--- MATERIALS PROVIDED ---

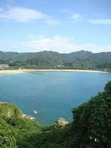 Amakusa-machi is famous for its scenic coastline along the Amakusa-nada sea, including a natural, white sandy beach in Takahama called Shiratsuru-hama 白鶴浜 and beautiful, strange rock formations in the bay Myoken-ura 妙見浦. Shimoda-kita is also home to a famous hot spring which, according to legend, was discovered by a white heron. Many tourists come to Amakusa-machi to enjoy these leisure spots.
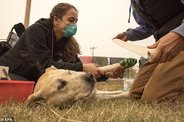 Một chú chó khác được các nhân viên y tế băng bó vết thương ở chân. Ảnh: EPA
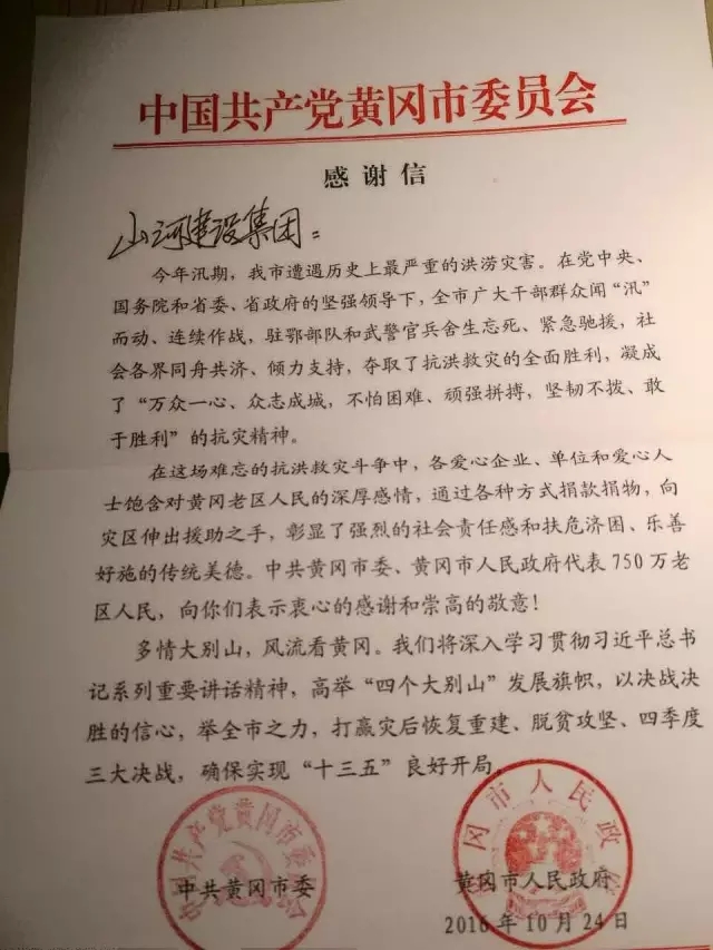 山河集團在這場難忘的抗洪救災斗爭中,通過各種方式捐款捐物,伸出援助之手,其中飽含了對黃岡老區人民的深厚感情,更彰顯了強烈的社會責任感與作為“中國500強”的企業擔當。
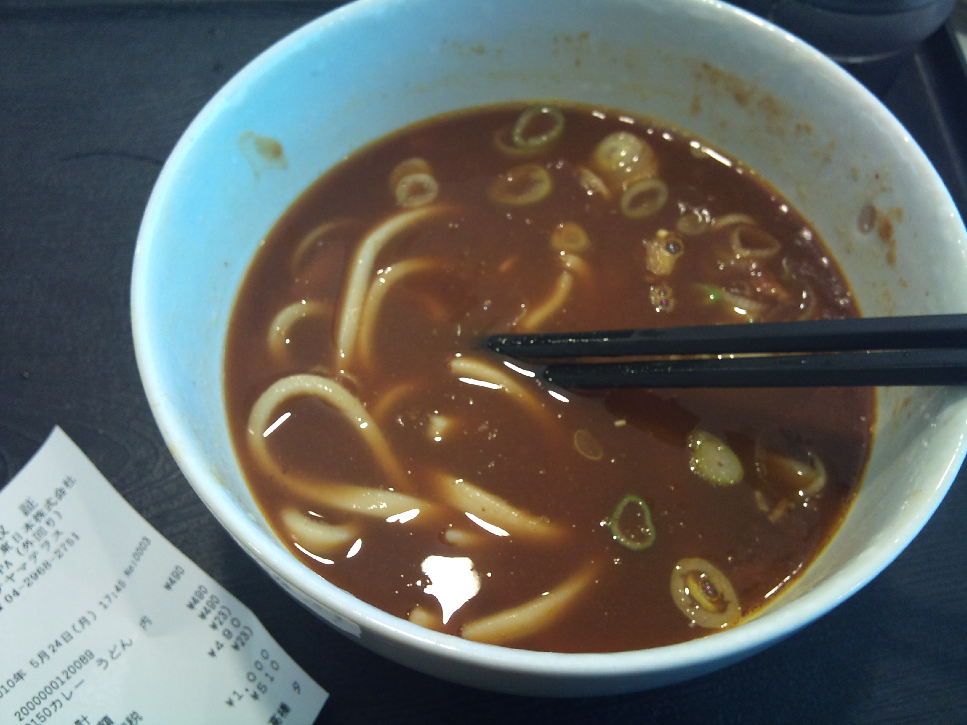 2時間くらいいて、帰りに高速のインターでカレーうどん食ったんですけど、(あ!そういや、他の人のブログで「食べてる食品」の写真が良く載ってるよな!)と思い立ち、写真を撮ってみましたが、
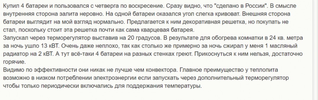 Также, можно отметить, что в среднем, кварцевые обогреватели дешевле конвекторов, но, это, конечно, зависит от конкретных моделей.
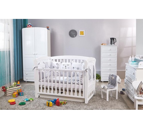 — Все детали кроватки имеют безопасные округлые формы и полированные поверхности;
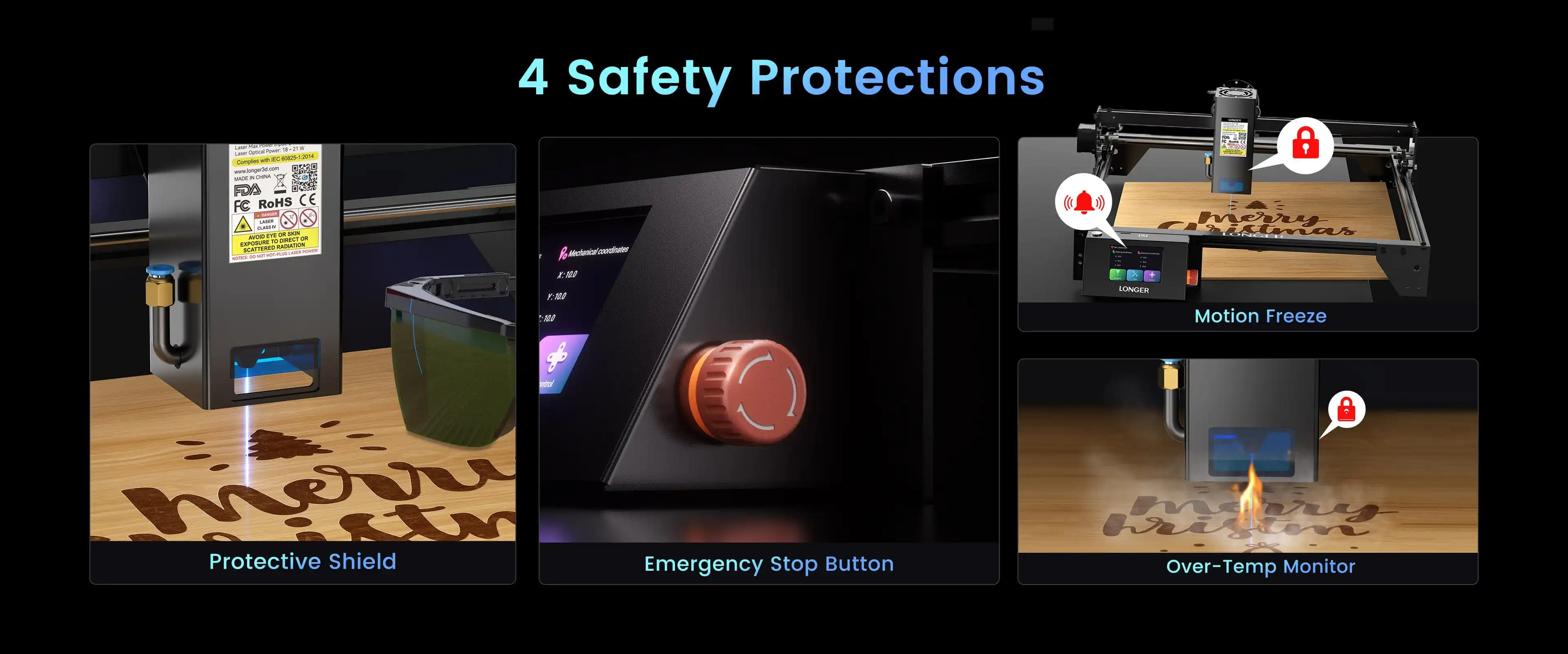 Dlhší laserový gravírovač RAY5 10W je navrhnutý s funkciami ochrany proti plameňu, ochrany proti pohybu a ochrany proti nehybnosti. Keď Ray5 počas práce zistí náhodný plameň, ochrana proti plameňu automaticky zastaví laser a spustí nepretržitý bzučiaci alarm. Keď je gravírovací stroj náhodne posunutý alebo naklonený, stroj sa automaticky vypne pre osobnú bezpečnosť. A laser sa automaticky vypne, keď je laserový modul zamrznutý viac ako 15 sekúnd.
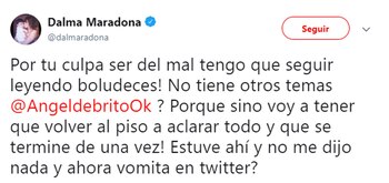 Lejos de terminar el tema, la descarga de Alfano motivó una nueva respuesta de Dalma, visiblemente molesta. "¡Por tu culpa ser del mal tengo que seguir leyendo boludeces! ¿No tiene otros temas @AngeldebritoOk? Porque sino voy a tener que volver al piso a aclarar todo y ¡que se termine de una vez! Estuve ahí y no me dijo nada y ¿ahora vomita en twitter?", disparó.

---

[WHAT NEEDS TO BE DONE]:
Make an exact copy of the lines of the records from the line containing "Một chú chó" through the final line, both ends included, but not of the pictures.

[ANSWER BELOW]:
 Một chú chó khác được các nhân viên y tế băng bó vết thương ở chân. Ảnh: EPA
 山河集團在這場難忘的抗洪救災斗爭中,通過各種方式捐款捐物,伸出援助之手,其中飽含了對黃岡老區人民的深厚感情,更彰顯了強烈的社會責任感與作為“中國500強”的企業擔當。
 2時間くらいいて、帰りに高速のインターでカレーうどん食ったんですけど、(あ!そういや、他の人のブログで「食べてる食品」の写真が良く載ってるよな!)と思い立ち、写真を撮ってみましたが、
 Также, можно отметить, что в среднем, кварцевые обогреватели дешевле конвекторов, но, это, конечно, зависит от конкретных моделей.
 — Все детали кроватки имеют безопасные округлые формы и полированные поверхности;
 Dlhší laserový gravírovač RAY5 10W je navrhnutý s funkciami ochrany proti plameňu, ochrany proti pohybu a ochrany proti nehybnosti. Keď Ray5 počas práce zistí náhodný plameň, ochrana proti plameňu automaticky zastaví laser a spustí nepretržitý bzučiaci alarm. Keď je gravírovací stroj náhodne posunutý alebo naklonený, stroj sa automaticky vypne pre osobnú bezpečnosť. A laser sa automaticky vypne, keď je laserový modul zamrznutý viac ako 15 sekúnd.
 Lejos de terminar el tema, la descarga de Alfano motivó una nueva respuesta de Dalma, visiblemente molesta. "¡Por tu culpa ser del mal tengo que seguir leyendo boludeces! ¿No tiene otros temas @AngeldebritoOk? Porque sino voy a tener que volver al piso a aclarar todo y ¡que se termine de una vez! Estuve ahí y no me dijo nada y ¿ahora vomita en twitter?", disparó.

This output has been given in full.